The book also examines ways in which technological and societal developments can positively or negatively affect future outcomes. It advocates for a responsible approach to emerging technologies and proposes strategies to encourage societal norms that prioritize long-term thinking.
Throughout the book, MacAskill presents a compelling case for adopting a longtermist perspective, offering practical guidance on how individuals and societies can contribute to a safer and more prosperous future. The overarching theme is that our actions today can have a profound and lasting impact on the course of history, making it crucial to take responsibility for our influence on the world that future generations will inherit.
💡 Three Key Takeaways
1: Value Lock-in
Value lock-in: an event that causes a single value system, or set of value systems, to persist for an extremely long time. Value lock-in would end or severely curtail the moral diversity and upheaval that we are used to. If value lock-in occurred globally, then how well or poorly the future goes would be determined in significant part by the nature of those locked-in values. Some changes in values might still occur, but the broad moral contours of society would have been set, and the world would enact one of only a small number of futures compared to all those that were possible.

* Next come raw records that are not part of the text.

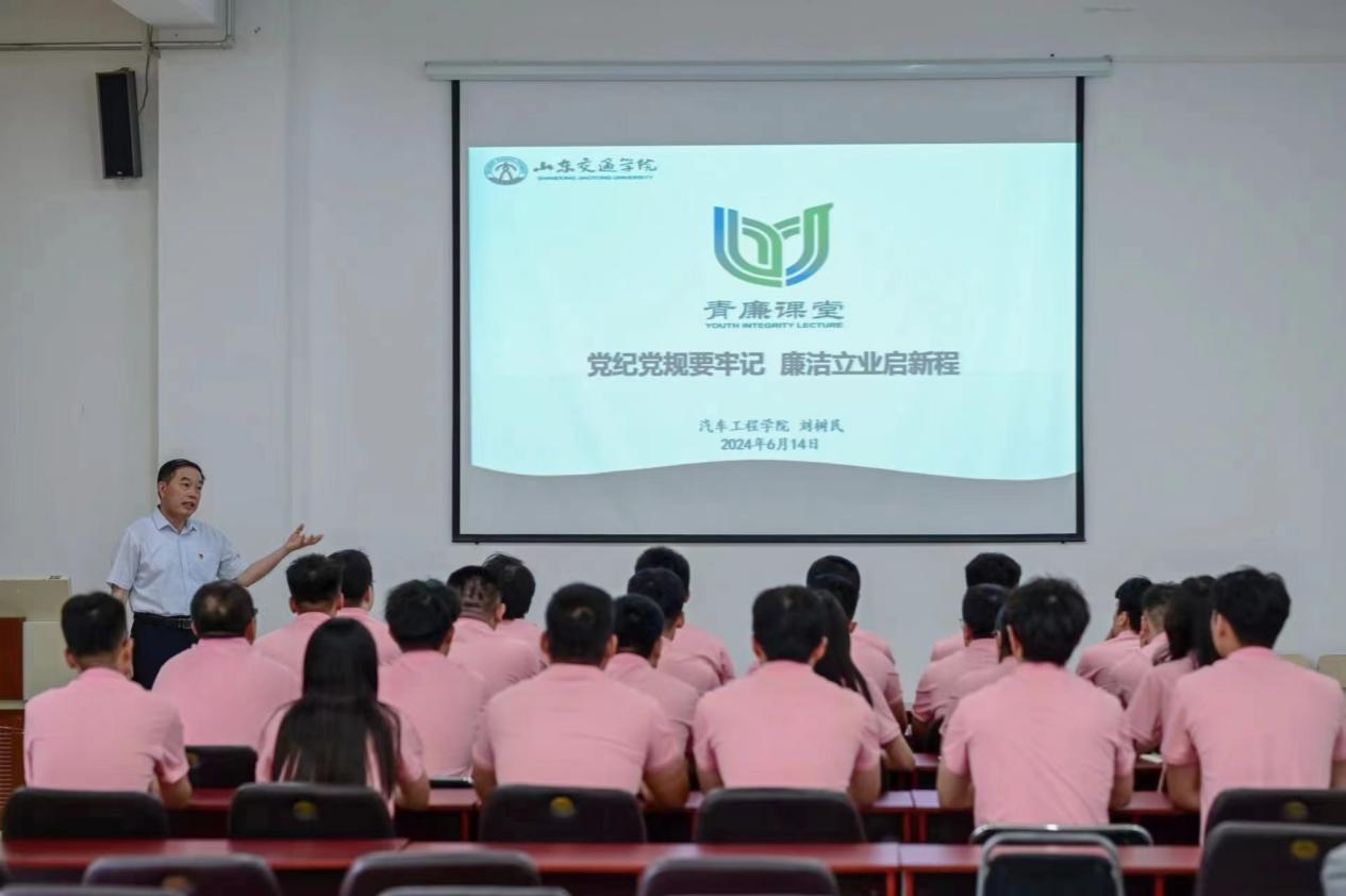 汽车工程学院党委开展讲纪律党课活动暨“青廉课堂”活动。学院党委书记刘树民以《党纪党规要牢记 廉洁立业启新程》为题为学院2024届毕业生党员讲授纪律党课,他从“《中国共产党纪律处分条例》的历史沿革、修订的重要意义、调整范围及重点内容”等四个方面对《中国共产党纪律处分条例》进行深入讲解。他强调,党纪党规是全体党员必须遵守的行为准则,全体毕业生党员要时刻把廉洁从业作为首要政治品质,谦虚谨慎、不骄不躁,艰苦奋斗、行稳致远,在新时代建设中贡献青春力量。
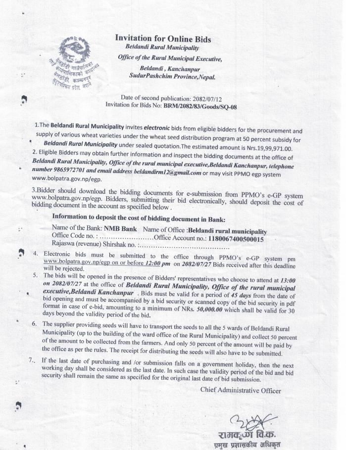 सार्वजनिक खरिद/बोलपत्र सूचना
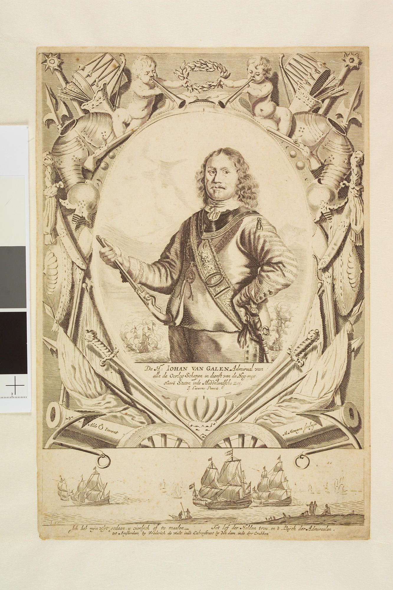 Portret van Jan van Galen, admiraal van Holland en Zeeland; eronder een kust met schepen door Reinier Nooms alias Zeeman.
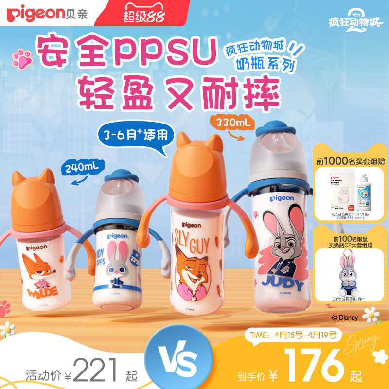 贝亲迪士尼疯狂动物城PPSU奶瓶大容量新生儿防胀气防呛官方旗舰店
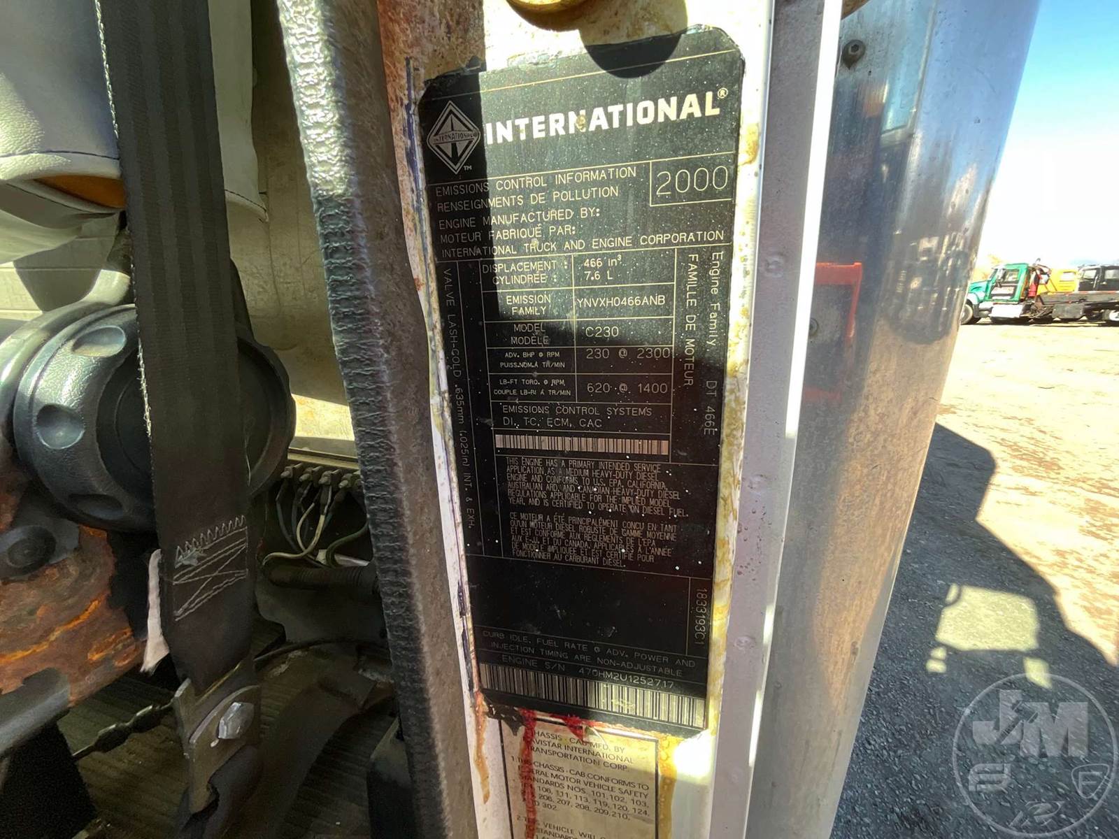 S/A UTILITY TRUCK, INTERNATIONAL, DT466E, 7.6L, 230 HP, AUTOMATIC, 2X2, SPRING SUSPENSION, 178 " WB, 12K FRONTS, 21K REAK, 14,969 GVWR, 15', UTILITY BODY, 255/70R22.5 TIRES, ODOMETER READS: 470346

The lock-in of some values, like Nazi or Stalinist values, would obviously have been horrific. Illustrations of some of these scenarios have been sketched in fiction. Most famous is George Orwell’s 1984, in which this bleak prospect is epitomised in the famous metaphor of “a boot stamping on a human face—forever.” Even more impressive, in my view, is Swastika Night, written by Katharine Burdekin. It takes seriously Hitler’s claim that he would create a thousand-year Reich: set seven hundred years in the future, it depicts a world which is entirely controlled by the Nazis and the Japanese Empire. In the German Empire, non-Germans have been subjugated, violence is glorified, and women are kept in pens and raped at will. To us, it reads like a piece of alternative history, but it was really a prophetic warning about ideological lock-in; the book was written in 1935, four years before World War II broke out, and published in 1937, twelve years before 1984, at a time when Hitler still had considerable international prestige. From what I’ve said so far, you might conclude that we should aim to lock in the values we, today, think are right, thereby preventing dystopia via the lock-in of worse values. But that would be a mistake. While the lock-in of Nazism and Stalinism would have been nightmarish, the lock-in of the values of any time or place would be terrible in many respects. Think, for example, of what the world would be like if Western values of just two and a half centuries ago had been locked in. The future would be shaped by values in which slavery was permissible, there was a natural hierarchy among races, women were second-class citizens, and most varieties of sexual orientation and activity were abhorrent.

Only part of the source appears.